Boštjan Lipovšek (born July 18, 1974) is a Slovenian classical horn player. A native of Celje, he studied at the Academy of Music in Ljubljana with Jože Falout. He is associated with much contemporary Slovenian music and has performed works by Lojze Lebič, Ivo Petrić, Uroš Krek, Jani Golob, Tomaž Habe and Vito Žuraj. In 2008 he was awarded the Prešeren Award.
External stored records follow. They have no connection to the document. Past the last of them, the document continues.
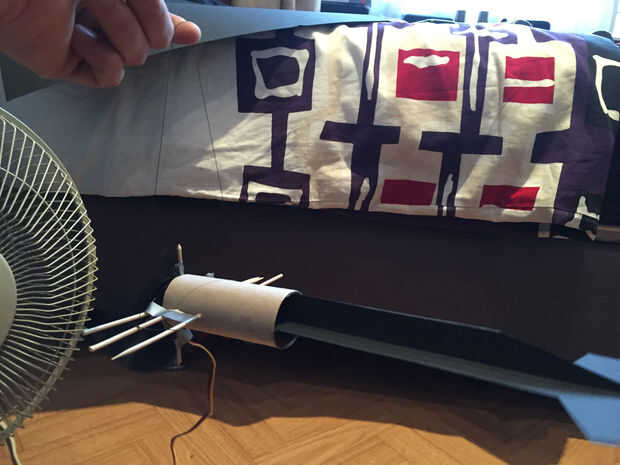 Hemos utilizado un ventilador separado para crear el flujo de aire para probar cómo se comportaría cuando sería aerotransportado (casi sin viento fuera el día de la prueba). También, la idea hecha aire era simplemente colocar globos de helio sino esto no encajaría dentro de nuestro presupuesto (estudiante). El helio es más caro después que esperábamos.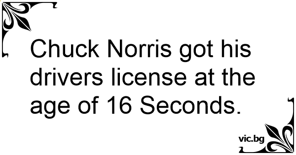 Chuck Norris got his drivers license at the age of 16 Seconds.
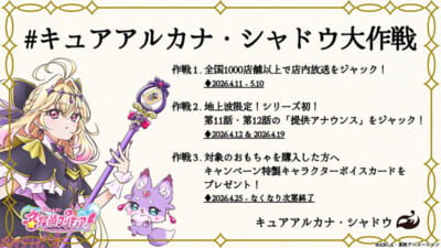 2026年4月12日(日)放送の第11話、4月19日(日)放送の第12話では、CM前後に流れる「提供アナウンス」をキュアアルカナ・シャドウが担当します。地上波放送でしか聞けない特別なアナウンスとなっていますので、ぜひテレビでお楽しみください!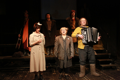 Периодически на сцене появляются и участвуют в общих номерах три вот таких персонажа (Алексей Сидоров, тот же Дмитрий Богдан и Александр Орав): тоже в полубродяжьих тряпках, но в то же время как бы в одежках буддийских монахов. Если в существовании всех прочих есть некий оттенок язвительности и пародийности, то эти трое куда как серьезны. Они, вот такие, вроде узнаваемые, но всегда непонятно кто и откуда, - всегда, во все времена, во всех землях, во всех преданиях ходят по трое. Волхвы, идущие за Вифлеемской звездой; калики перехожие; верховное существо и два его спутника – неузнанные, но творящие чудеса. Просто предупреждающие о грядущих потрясениях. Или только одним своим появлением намекающие на нечто такое…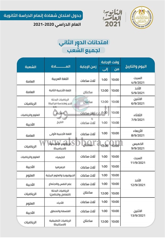 نشرت وزارة التربية والتعليم، جدول امتحانات طرب الثانوية العامة للدور الثاني، وذلك لجميع الشُعب العام الدراسى الحالى وتضمن الجدول التالي: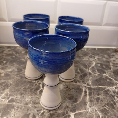 Vinmugge + 6 x vinglass i keramikk av kunstneren Kari Brovold Hagen.

Lipovšek is one of the most prominent Slovenian horn players. From a musical family, his first mentors were his father and brother. His musical education continued at the Academy of Music with Professor Joze Faloutu, in whose class he graduated and completed his postgraduate studies. He improved with Radovan Vlatković at the Salzburg Mozarteum. While studying in Ljubljana he received the Prešeren Student Award for his interpretation of the 1st Concerto for Horn by Richard Strauss with the RTV Slovenia Symphony Orchestra. In this orchestra shortly afterwards he took his place as solo horn player.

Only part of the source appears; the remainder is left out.